**WHAT IS REQUIRED**
Look through the material below. Copy each line that contains the string "como".

**SUPPLIED MATERIAL**
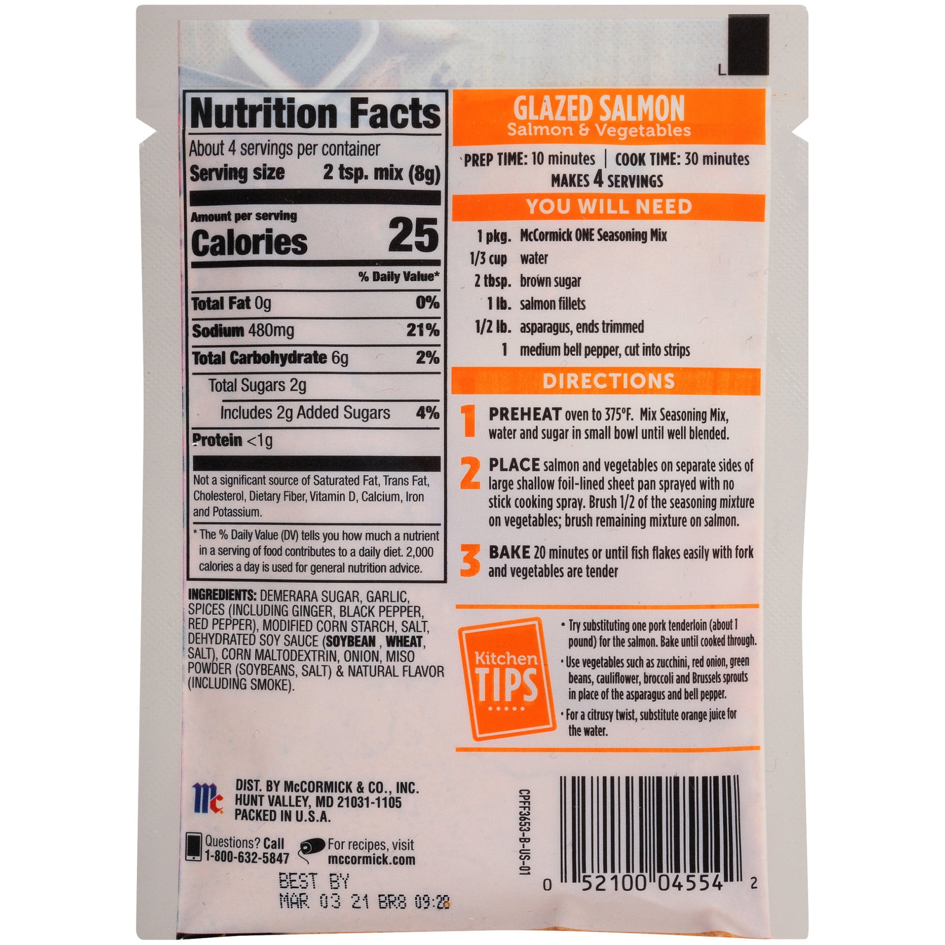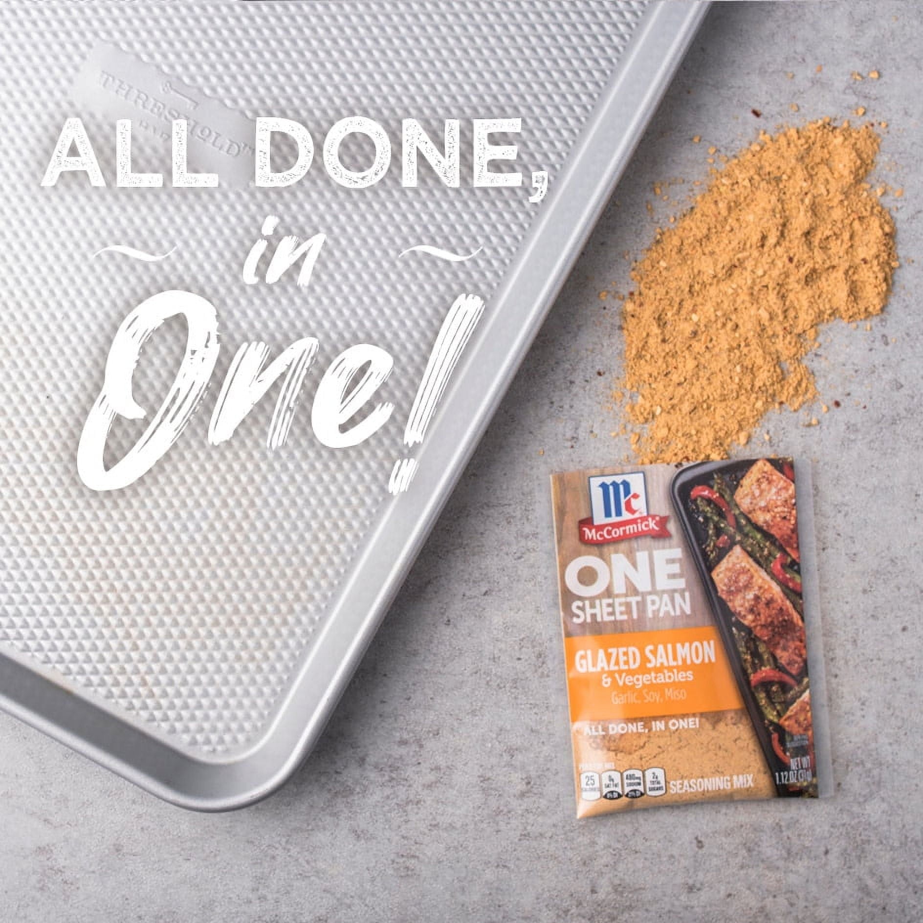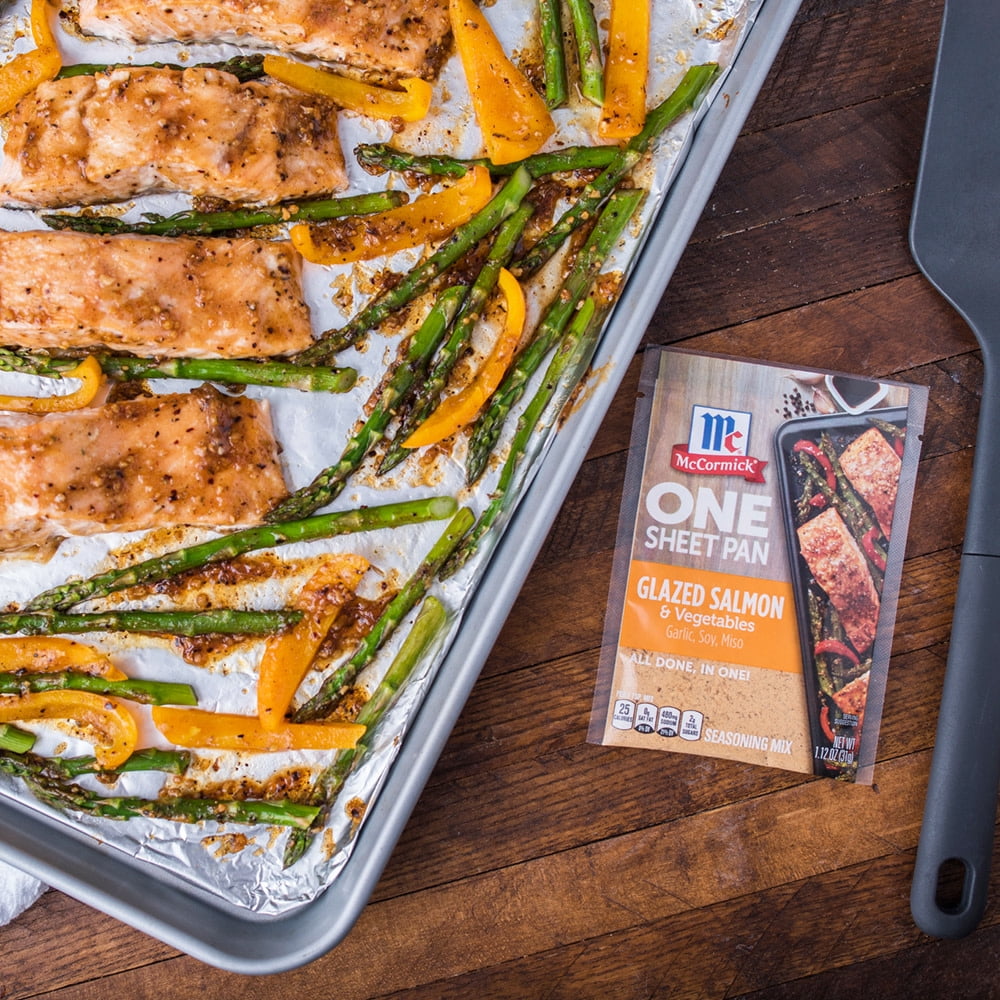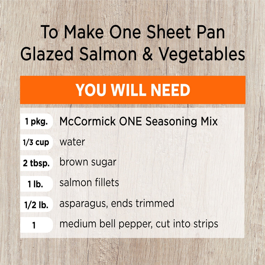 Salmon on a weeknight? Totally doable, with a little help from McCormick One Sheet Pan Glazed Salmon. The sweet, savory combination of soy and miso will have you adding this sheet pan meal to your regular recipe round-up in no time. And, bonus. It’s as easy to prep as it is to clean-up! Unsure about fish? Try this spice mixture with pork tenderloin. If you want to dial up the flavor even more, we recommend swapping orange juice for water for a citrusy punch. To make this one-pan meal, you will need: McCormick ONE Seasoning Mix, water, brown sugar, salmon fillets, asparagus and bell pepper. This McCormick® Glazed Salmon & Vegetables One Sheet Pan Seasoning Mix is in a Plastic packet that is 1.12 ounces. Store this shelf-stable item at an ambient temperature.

==

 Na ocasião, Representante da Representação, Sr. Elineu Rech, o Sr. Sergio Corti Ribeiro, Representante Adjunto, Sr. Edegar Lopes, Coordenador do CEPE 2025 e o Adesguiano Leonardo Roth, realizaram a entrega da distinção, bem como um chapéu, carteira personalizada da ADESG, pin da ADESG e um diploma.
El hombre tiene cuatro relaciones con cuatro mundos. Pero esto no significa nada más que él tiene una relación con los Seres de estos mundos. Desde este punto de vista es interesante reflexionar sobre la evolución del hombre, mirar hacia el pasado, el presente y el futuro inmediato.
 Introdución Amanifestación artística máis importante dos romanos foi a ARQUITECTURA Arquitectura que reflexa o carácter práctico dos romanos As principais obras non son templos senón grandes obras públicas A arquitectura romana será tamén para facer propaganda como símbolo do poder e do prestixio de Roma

**TASK RESPONSE**
 Na ocasião, Representante da Representação, Sr. Elineu Rech, o Sr. Sergio Corti Ribeiro, Representante Adjunto, Sr. Edegar Lopes, Coordenador do CEPE 2025 e o Adesguiano Leonardo Roth, realizaram a entrega da distinção, bem como um chapéu, carteira personalizada da ADESG, pin da ADESG e um diploma.
 Introdución Amanifestación artística máis importante dos romanos foi a ARQUITECTURA Arquitectura que reflexa o carácter práctico dos romanos As principais obras non son templos senón grandes obras públicas A arquitectura romana será tamén para facer propaganda como símbolo do poder e do prestixio de Roma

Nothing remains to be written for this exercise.